[Source records]

---+---

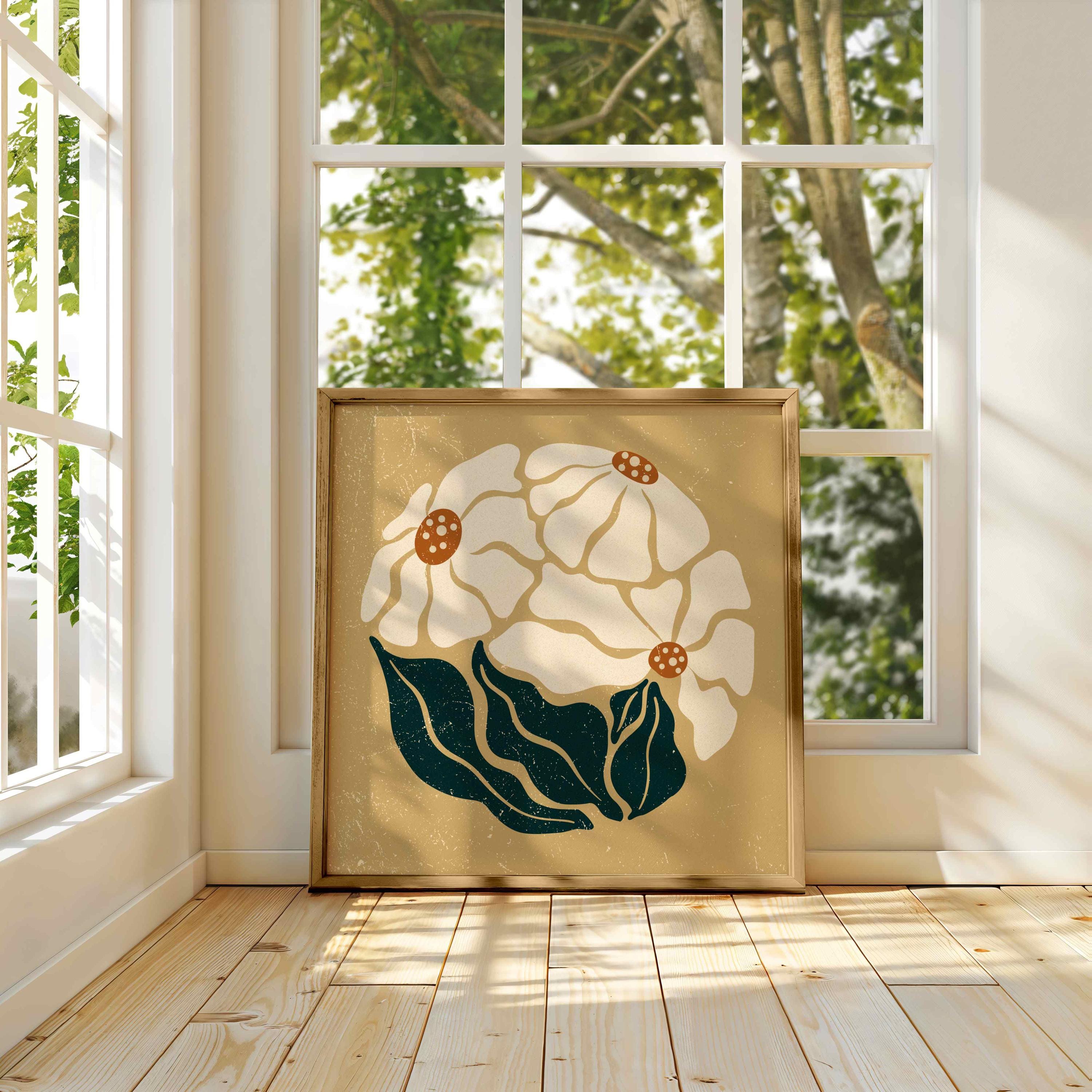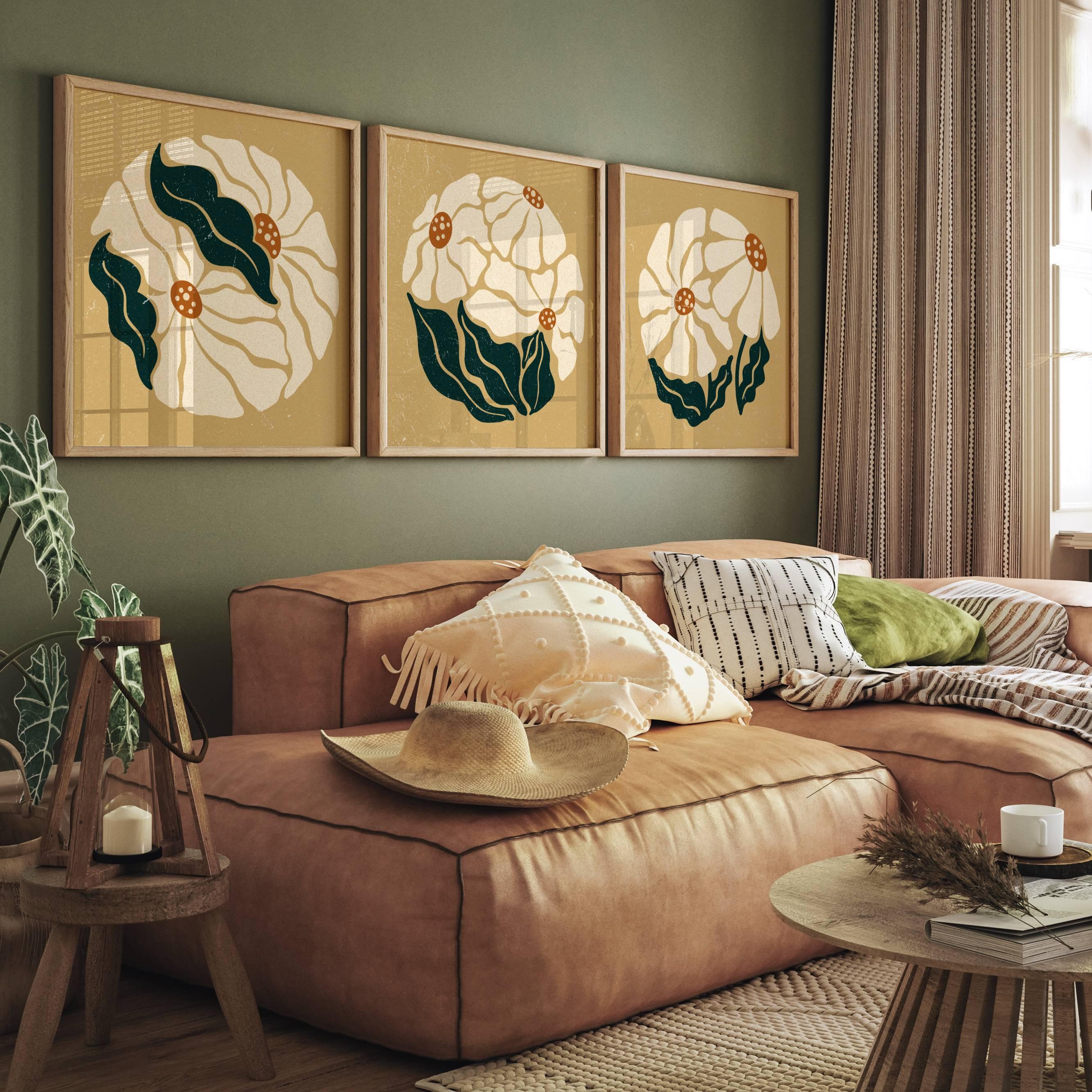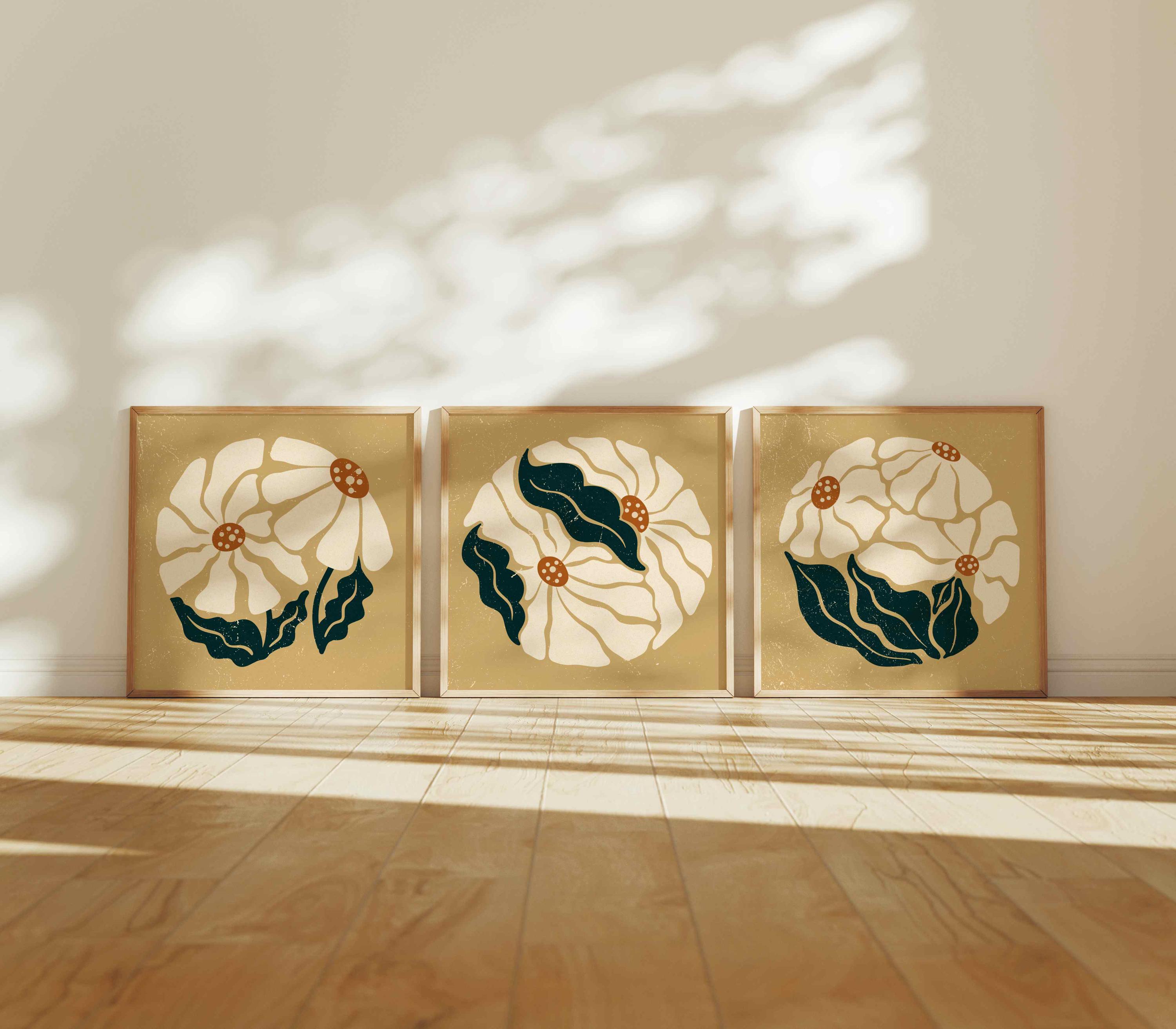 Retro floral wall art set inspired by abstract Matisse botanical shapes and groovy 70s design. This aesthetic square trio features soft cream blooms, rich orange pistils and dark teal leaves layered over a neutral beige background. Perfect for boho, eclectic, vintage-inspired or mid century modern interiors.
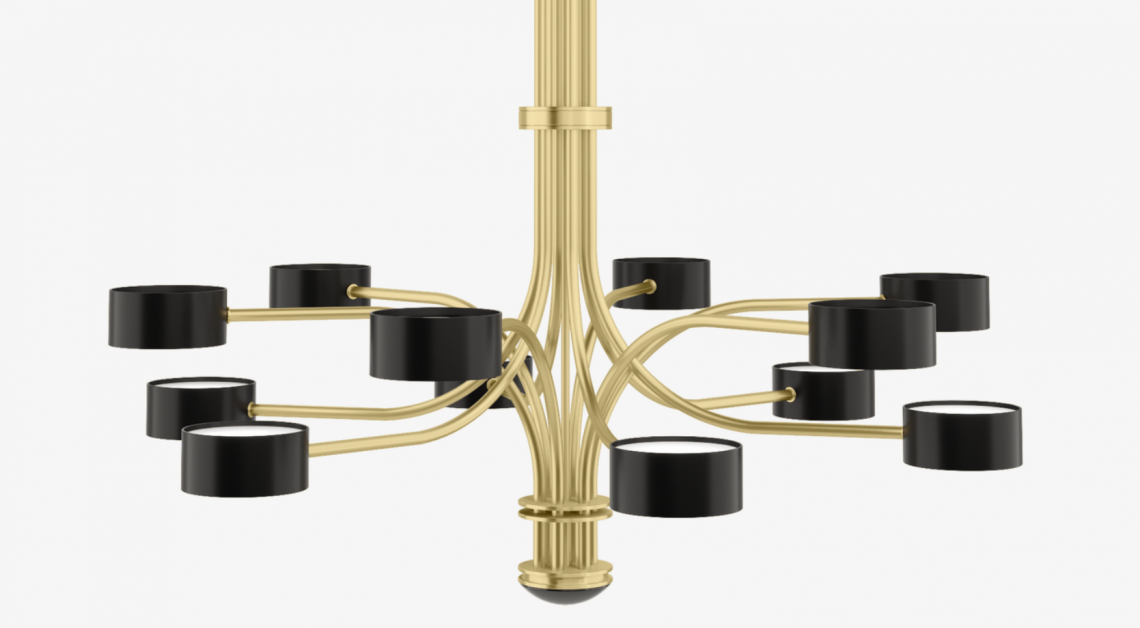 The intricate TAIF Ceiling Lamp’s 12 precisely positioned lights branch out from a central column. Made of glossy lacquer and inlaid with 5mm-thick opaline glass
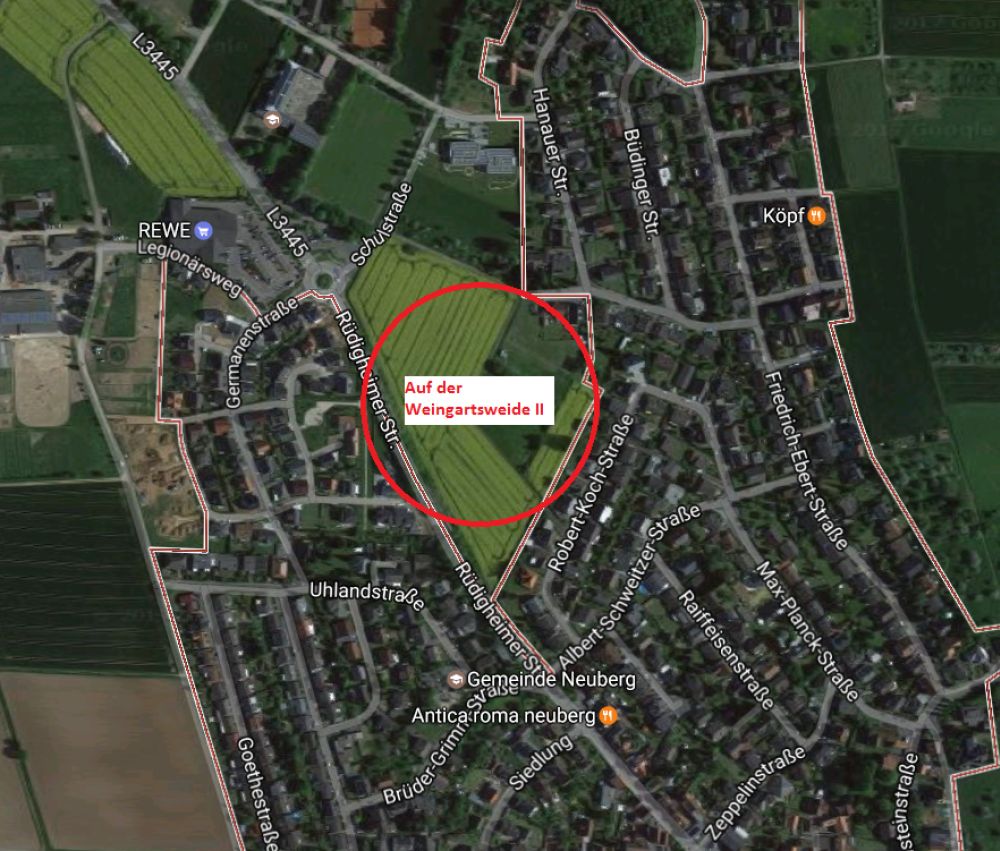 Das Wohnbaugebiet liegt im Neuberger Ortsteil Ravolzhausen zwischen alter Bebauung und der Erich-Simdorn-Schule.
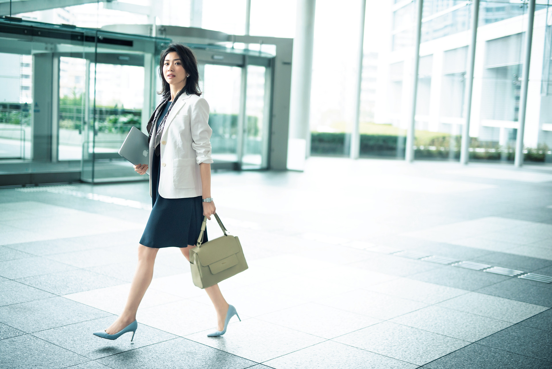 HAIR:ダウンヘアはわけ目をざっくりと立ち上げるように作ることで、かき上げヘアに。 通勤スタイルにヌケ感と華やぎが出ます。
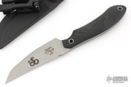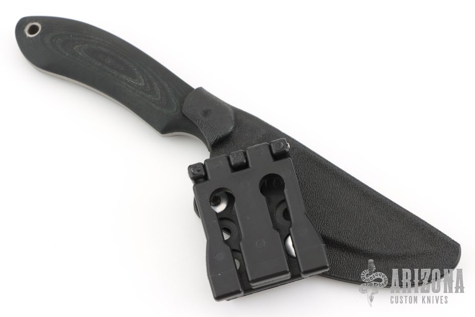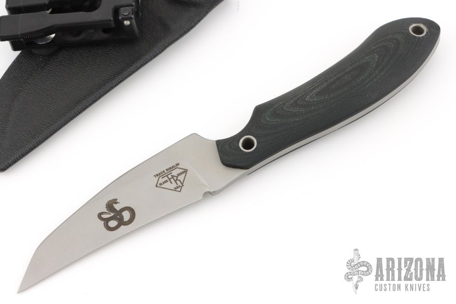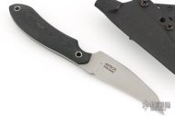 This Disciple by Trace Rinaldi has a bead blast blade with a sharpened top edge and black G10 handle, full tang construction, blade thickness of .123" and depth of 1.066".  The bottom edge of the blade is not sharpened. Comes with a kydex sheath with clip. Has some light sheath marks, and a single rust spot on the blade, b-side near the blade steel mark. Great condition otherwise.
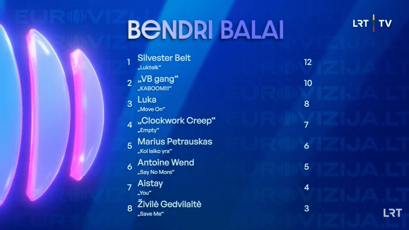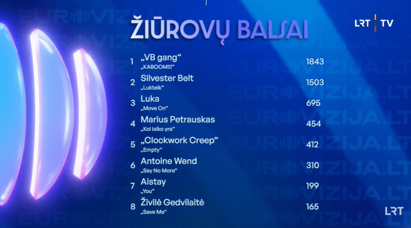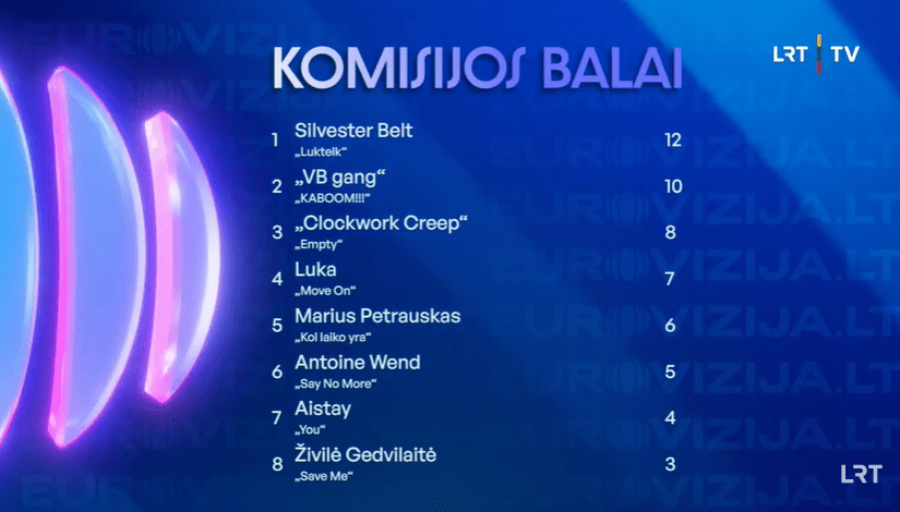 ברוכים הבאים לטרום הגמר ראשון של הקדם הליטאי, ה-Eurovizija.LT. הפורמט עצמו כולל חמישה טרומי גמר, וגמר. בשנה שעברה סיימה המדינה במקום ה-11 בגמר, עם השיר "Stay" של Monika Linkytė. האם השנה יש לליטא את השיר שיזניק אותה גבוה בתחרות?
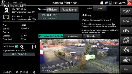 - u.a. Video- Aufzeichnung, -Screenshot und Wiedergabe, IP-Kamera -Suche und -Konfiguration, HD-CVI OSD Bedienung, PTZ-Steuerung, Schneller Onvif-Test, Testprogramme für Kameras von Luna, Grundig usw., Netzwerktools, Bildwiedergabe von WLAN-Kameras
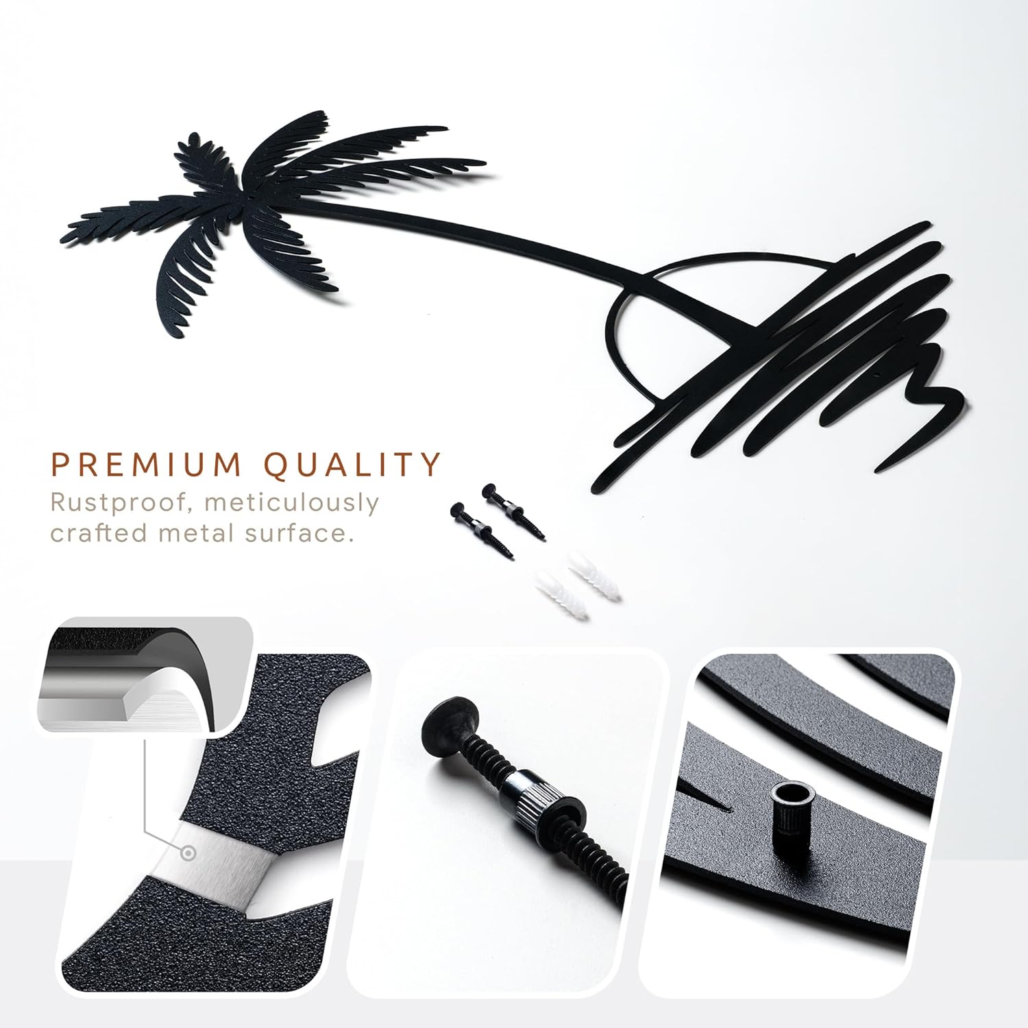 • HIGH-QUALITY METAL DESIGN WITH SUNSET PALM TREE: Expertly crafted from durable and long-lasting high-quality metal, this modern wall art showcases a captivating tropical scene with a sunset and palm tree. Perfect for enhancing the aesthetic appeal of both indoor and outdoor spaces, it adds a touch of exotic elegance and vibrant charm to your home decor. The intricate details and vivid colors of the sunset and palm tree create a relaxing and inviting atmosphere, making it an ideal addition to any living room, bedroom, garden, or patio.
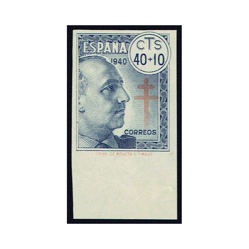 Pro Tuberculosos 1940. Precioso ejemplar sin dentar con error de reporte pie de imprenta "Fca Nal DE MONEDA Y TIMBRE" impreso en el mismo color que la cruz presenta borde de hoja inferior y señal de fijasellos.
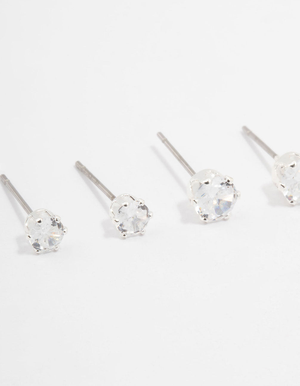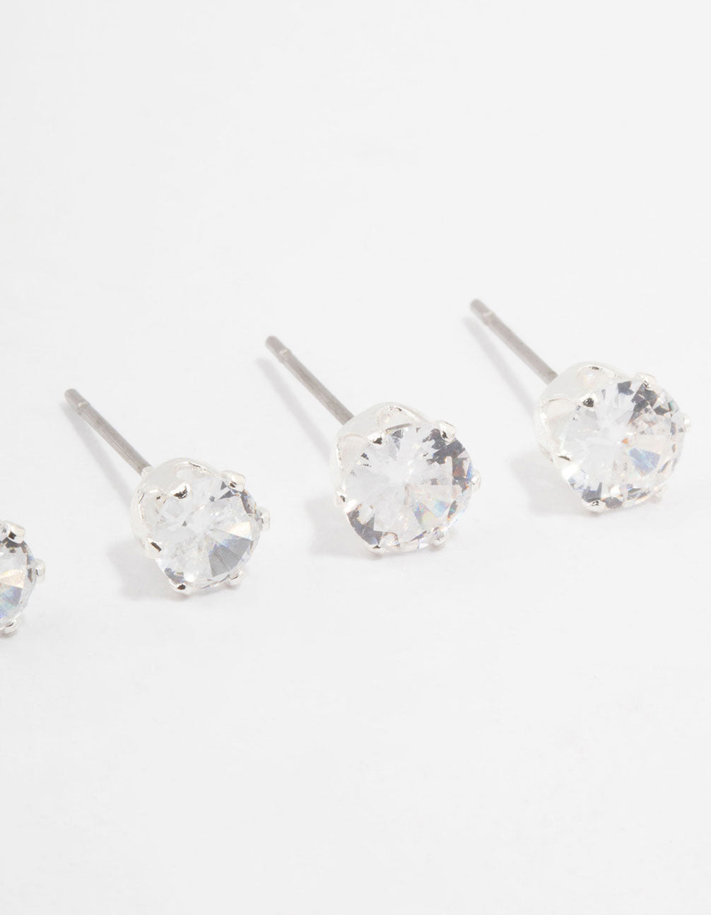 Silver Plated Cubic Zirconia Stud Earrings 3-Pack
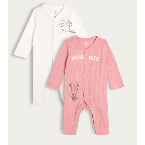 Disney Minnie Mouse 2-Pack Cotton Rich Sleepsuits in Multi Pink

---+---

#### Exercise objective
Any picture found in the data is to be skipped while the rest is copied exactly.

#### Solution for this problem
 Retro floral wall art set inspired by abstract Matisse botanical shapes and groovy 70s design. This aesthetic square trio features soft cream blooms, rich orange pistils and dark teal leaves layered over a neutral beige background. Perfect for boho, eclectic, vintage-inspired or mid century modern interiors.
 The intricate TAIF Ceiling Lamp’s 12 precisely positioned lights branch out from a central column. Made of glossy lacquer and inlaid with 5mm-thick opaline glass
 Das Wohnbaugebiet liegt im Neuberger Ortsteil Ravolzhausen zwischen alter Bebauung und der Erich-Simdorn-Schule.
 HAIR:ダウンヘアはわけ目をざっくりと立ち上げるように作ることで、かき上げヘアに。 通勤スタイルにヌケ感と華やぎが出ます。
 This Disciple by Trace Rinaldi has a bead blast blade with a sharpened top edge and black G10 handle, full tang construction, blade thickness of .123" and depth of 1.066".  The bottom edge of the blade is not sharpened. Comes with a kydex sheath with clip. Has some light sheath marks, and a single rust spot on the blade, b-side near the blade steel mark. Great condition otherwise.
 ברוכים הבאים לטרום הגמר ראשון של הקדם הליטאי, ה-Eurovizija.LT. הפורמט עצמו כולל חמישה טרומי גמר, וגמר. בשנה שעברה סיימה המדינה במקום ה-11 בגמר, עם השיר "Stay" של Monika Linkytė. האם השנה יש לליטא את השיר שיזניק אותה גבוה בתחרות?
 - u.a. Video- Aufzeichnung, -Screenshot und Wiedergabe, IP-Kamera -Suche und -Konfiguration, HD-CVI OSD Bedienung, PTZ-Steuerung, Schneller Onvif-Test, Testprogramme für Kameras von Luna, Grundig usw., Netzwerktools, Bildwiedergabe von WLAN-Kameras
 • HIGH-QUALITY METAL DESIGN WITH SUNSET PALM TREE: Expertly crafted from durable and long-lasting high-quality metal, this modern wall art showcases a captivating tropical scene with a sunset and palm tree. Perfect for enhancing the aesthetic appeal of both indoor and outdoor spaces, it adds a touch of exotic elegance and vibrant charm to your home decor. The intricate details and vivid colors of the sunset and palm tree create a relaxing and inviting atmosphere, making it an ideal addition to any living room, bedroom, garden, or patio.
 Pro Tuberculosos 1940. Precioso ejemplar sin dentar con error de reporte pie de imprenta "Fca Nal DE MONEDA Y TIMBRE" impreso en el mismo color que la cruz presenta borde de hoja inferior y señal de fijasellos.
 Silver Plated Cubic Zirconia Stud Earrings 3-Pack
 Disney Minnie Mouse 2-Pack Cotton Rich Sleepsuits in Multi Pink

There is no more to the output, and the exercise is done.